In various groups, there was no significance difference in demographic variables such as gender, age, height, and weight. The mean of pain score, heart rate, systolic blood pressure, and respiratory rate changed significantly (P < 0.05) but the temperature variation, blood oxygen saturation, and diastolic blood pressure in subjects were not significant (P > 0.05). It showed linear changes between pain and systolic blood pressure, respiratory rate, and heart rate changes. A dramatic reduction was also seen in systolic blood pressure, respiratory rate, heart rate, and also pain at an angle of 45(°).

CONCLUSION

This study showed that, 45(°) was the best angle of the bed to optimize the patient's position after the procedure, based on his/her vital signs and pain score. Thus, in order to relive pain, this change in bed angle is advised to be planned by postangiography nurses in patients after coronary angiography.

摘要

背景

冠状动脉造影是检测心脏病最常见且重要的诊断方法之一。本研究的目的是通过使用生命体征来确定最佳的病床角度,以在血管造影术后优化患者的体位。

材料与方法

本研究是一项针对血管造影术后参与者的随机临床试验(RCT),参与者被分为五组。第一组常规仰卧位安置。在其他组中,所有患者以床头抬高15°、30°、45°和60°的角度安置在床上。在每组中,测量包括血压、血氧饱和度百分比、心率、呼吸频率和体温在内的生命体征。所有测量数据与通过数字疼痛量表获得的疼痛评分进行比较。
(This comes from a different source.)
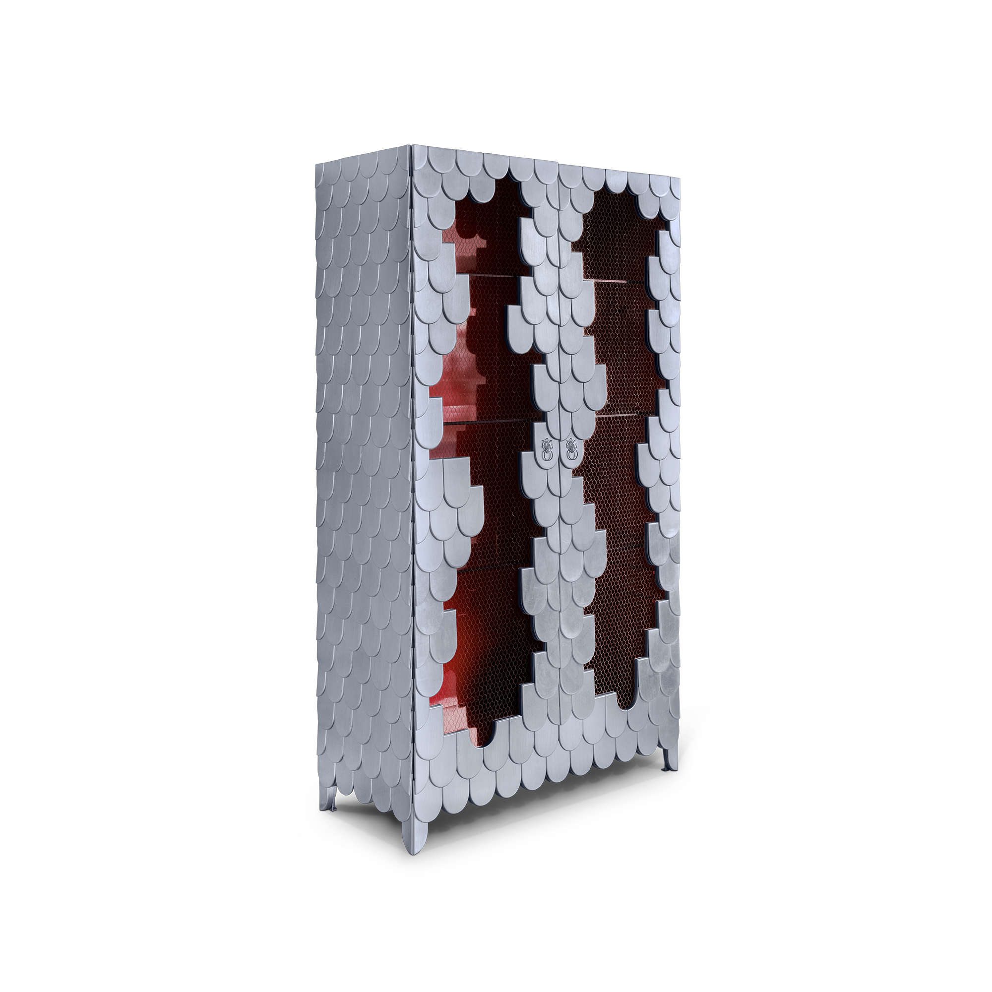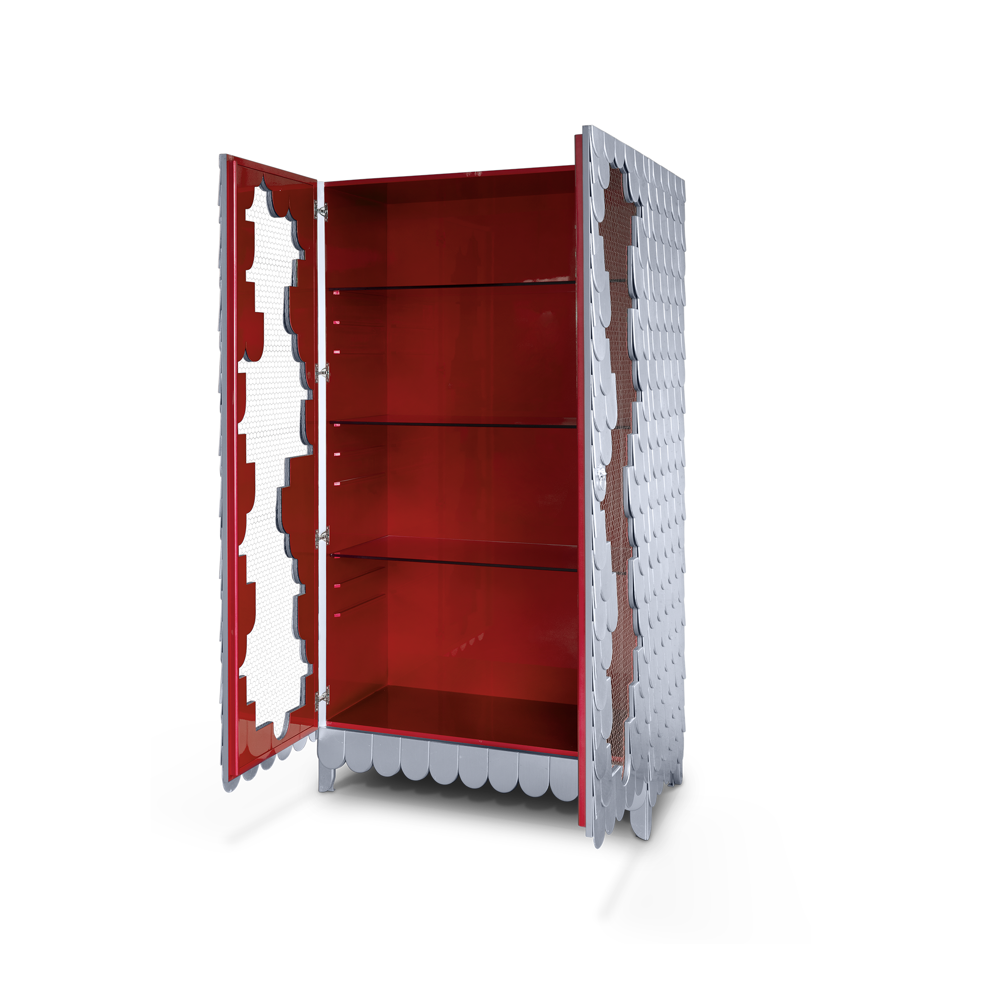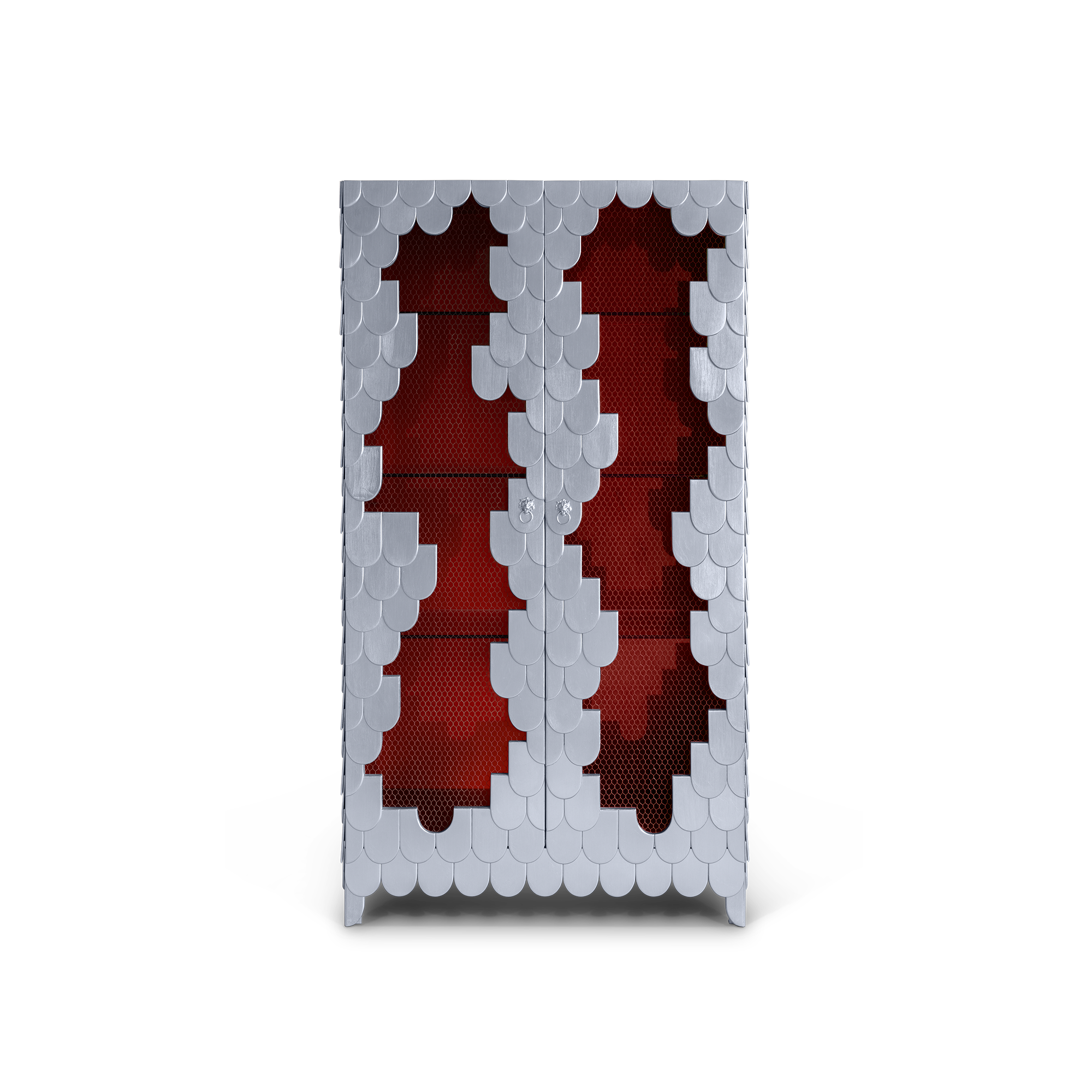 Cabinet in wood, finished with silver leaf. Its base has a metal reinforcement. In its interior, there are three shelves in glass. The handles have a lion shape and are finished with silver leaf. The interior is finished with silver leaf, with a high gloss translucent varnish.

数据采用描述性统计方法、方差分析和事后检验,在社会科学统计软件包(SPSS)16.0版中进行分析。关系估计通过MATLAB 2011版完成。显著性水平设定为0.05。

结果

在不同组中,性别、年龄、身高和体重等人口统计学变量无显著差异。疼痛评分、心率、收缩压和呼吸频率的平均值有显著变化(P < 0.05),但受试者的体温变化、血氧饱和度和舒张压无显著变化(P > 0.05)。疼痛与收缩压、呼吸频率和心率变化之间呈线性变化。在45°角度时,收缩压、呼吸频率、心率以及疼痛也出现显著降低。

结论

本研究表明,基于患者的生命体征和疼痛评分,45°是血管造影术后优化患者体位的最佳病床角度。因此,为了减轻疼痛,建议冠状动脉造影术后的护士为患者规划这种病床角度的改变。